Coexistence of Primary Hyperaldosteronism and Graves’ Disease, a Rare Combination of Endocrine Disorders: Is It beyond a Coincidence—A Case Report and Review of the Literature

Department of Endocrinology, Colombo South Teaching Hospital, Kalubowila, Sri Lanka

Correspondence should be addressed to S. S. C. Gunatilake

Received 18 June 2017; Revised 10 September 2017; Accepted 8 October 2017; Published 30 October 2017

Academic Editor: Toshihiro Kita

Copyright © 2017 S. S. C. Gunatilake and U. Bulugahapitiya. This is an open access article distributed under the Creative Commons Attribution License, which permits unrestricted use, distribution, and reproduction in any medium, provided the original work is properly cited.

Abstract

Background. Primary hyperaldosteronism is a known cause for secondary hypertension. In addition to its effect on blood pressure, aldosterone exhibits proinflammatory actions and plays a role in immunomodulation/development of autoimmunity.
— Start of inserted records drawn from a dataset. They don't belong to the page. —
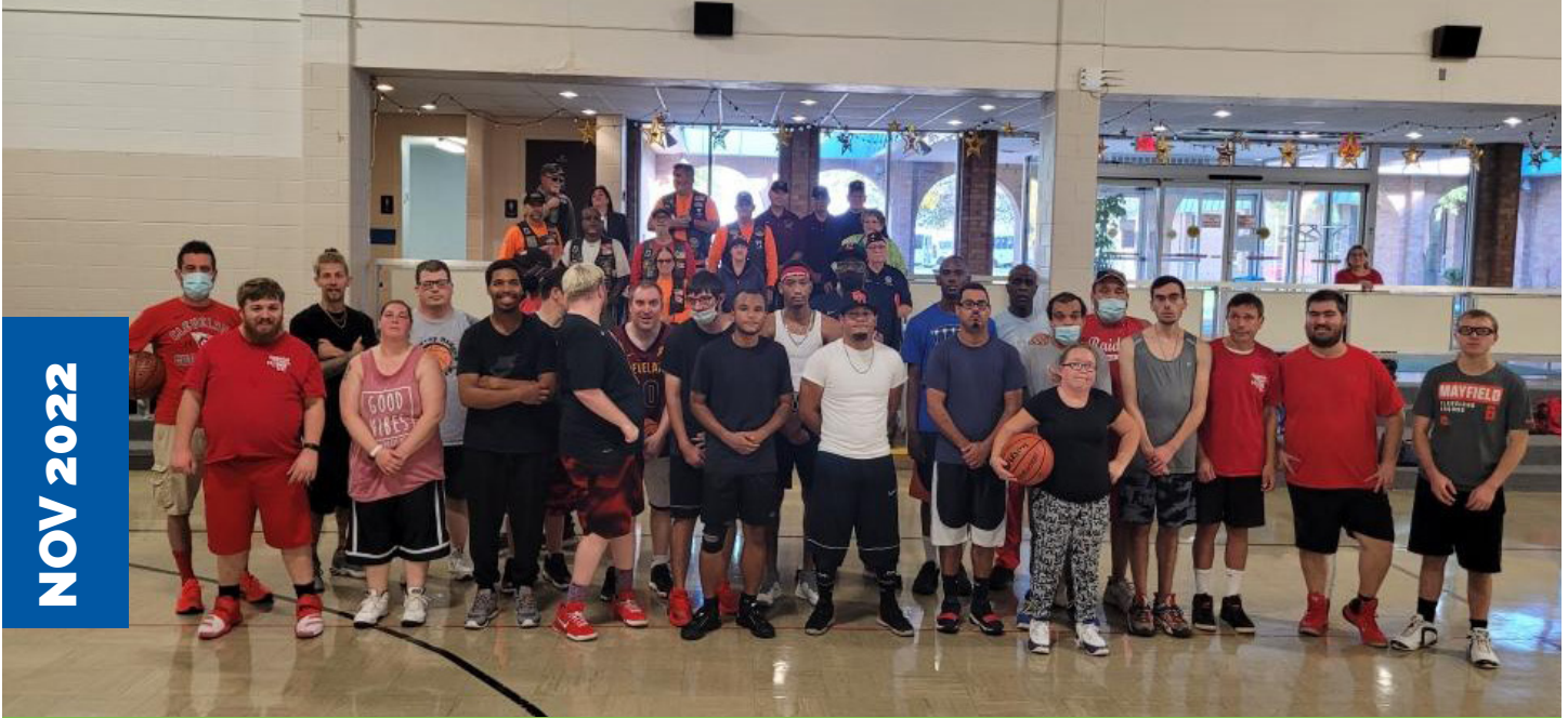
Members of Murray Ridge's Scarlet and Grey Basketball Teams with members of the Amherst American Legion
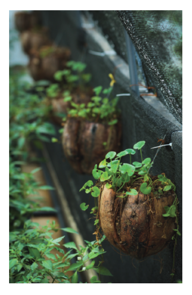
Nutritious greens such as gotu kola have been planted in coconut husks.
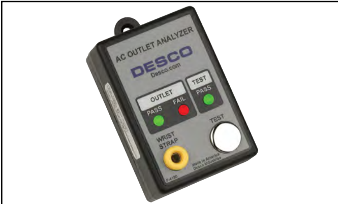
Figure 1. Desco 98132 AC Outlet Analyzer and Wrist Strap Tester

Recent researches also suggest significant thyroid dysfunction among patients with hyperaldosteronism, but exact causal relationship is not established. Autoimmune hyperthyroidism (Graves’ disease) and primary hyperaldosteronism rarely coexist but underlying mechanisms associating the two are still unclear. Case Presentation. A 32-year-old Sri Lankan female was evaluated for new onset hypertension in association with hypokalemia. She also had features of hyperthyroidism together with high TSH receptor antibodies suggestive of Graves’ disease. On evaluation of persistent hypokalemia and hypertension, primary hyperaldosteronism due to right-sided adrenal adenoma was diagnosed. She was rendered euthyroid with antithyroid drugs followed by right-sided adrenalectomy. Antithyroid drugs were continued up to 12 months, after which the patient entered remission of Graves’ disease. Conclusion. Autoimmune hyperthyroidism and primary hyperaldosteronism rarely coexist and this case report adds to the limited number of cases documented in the literature. Underlying mechanism associating the two is still unclear but possibilities of autoimmune mechanisms and autoantibodies warrant further evaluation and research.